We could also consider some of the European schemes involving low stocking rates. The rates are so low that it is an encouragement not to farm the land. We can put arrangements in place, within the regulations, to co-operate with neighbours. There are restrictions on dates with regard to the definition of farming. If we could allow cows to be milked on the extra land of a neighbour, we would expand cowherd size and the arrangement between neighbours would work productively for both and contribute to the farming economy. It is a step-back arrangement rather than full retirement.

We have a few proposals on taxation, one of which is the reintroduction of stamp duty relief on farm consolidation on land swaps. We also suggest it is important to maintain the existing stamp duty relief on land transfers for young trained farmers. Along with the farm consolidation and tax relief, it is important to promote the stamp duty relief. There was suspicion about it before and it needs to be promoted. Farmers must be encouraged to avail of it. The fault may lie with farmers for not using it enough. The association feels there will be a greater interest in this in the new era because we are looking to expand the industry. Any arrangement that helps will be seen as an advantage.

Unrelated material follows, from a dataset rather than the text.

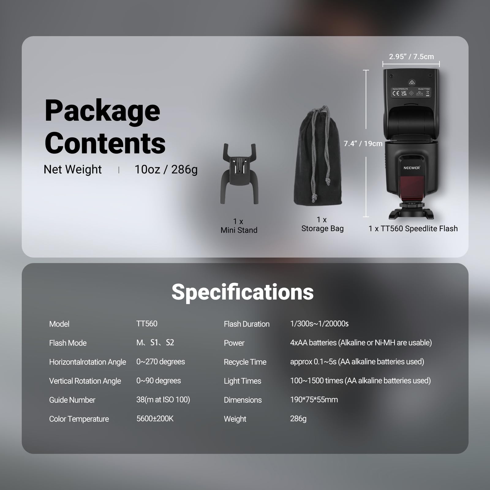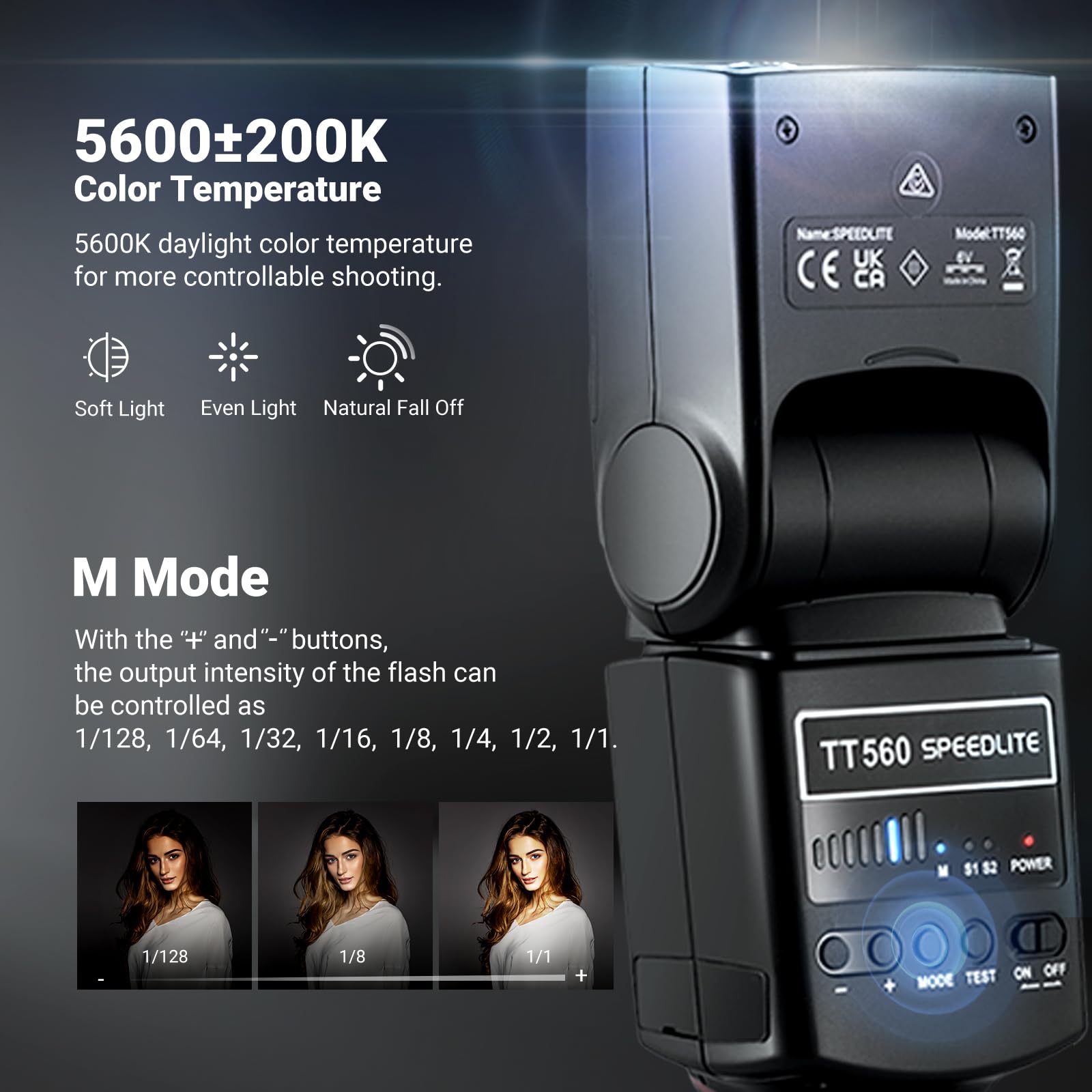 【Professional Flash Output for Stable Lighting】 TT560 speed light features GN38 (ISO 100) guide number with 8 manual power levels from 1/128 to 1/1, stable 5600K±200K daylight color, 0.1–5s recycle time, and 1/300 to 1/20000s flash duration. Note: Does NOT support TTL, HSS, or camera menu control. Recommended shutter speed below 1/200s

The association believes the fear of losing farmer status through long-term leasing is real. It is a practical difficulty in terms of capital tax liability. Where a farmer is no longer treated as a farmer for tax purposes, the family can fall into problems with capital gains, capital acquisitions or inheritance taxes. That is a shame if land leasing can make land available to young people who want to get started.

Full tax relief for long-term leases needs to be retained. From listening to farm managers, I feel it needs to be promoted, because people do not realise the incentives exist. My final point was the subject of a full submission by the Irish Farm Managers' Association to the Department of Finance some weeks ago. While there is stock relief for young farmers, if there is not enough profit in years one and two, which is likely in a start-up situation, there should be a roll-over of the under-used stock relief. It should be allowed to accumulate or roll over for the first four years.

My next point on the barriers to land access refers to the support framework for young trained farmers. The installation scheme is excellent for helping young people to set up in farming and it should be restored. An established grant should be considered for farm managers who have a joint venture arrangement in equity or as employees. This will help them to get stock established and use it as a stepping stone to future partnership. Equity joint venture farm managers should be eligible for the installation scheme if it is reintroduced. We propose low-interest loan packages for young trained farmers and, finally, we suggest to the committee and the Department an underwriting scheme be put in place for bank chattel mortgages on farms. This will allow farmers to get the capital to buy stock. This applies particularly to owners and joint ventures involving young farmers. Capital is a huge issue.

In summary, we strongly believe agriculture can lead to economic recovery. Food Harvest 2020 may be an historic new era for us. The training and education of young farmers is key. A number of barriers exist. There should be a proactive taxation policy to encourage young people to set up in farming; we need to support young trained farmers. This would create jobs on farms, stimulate the rural economy and communities and promote economic recovery.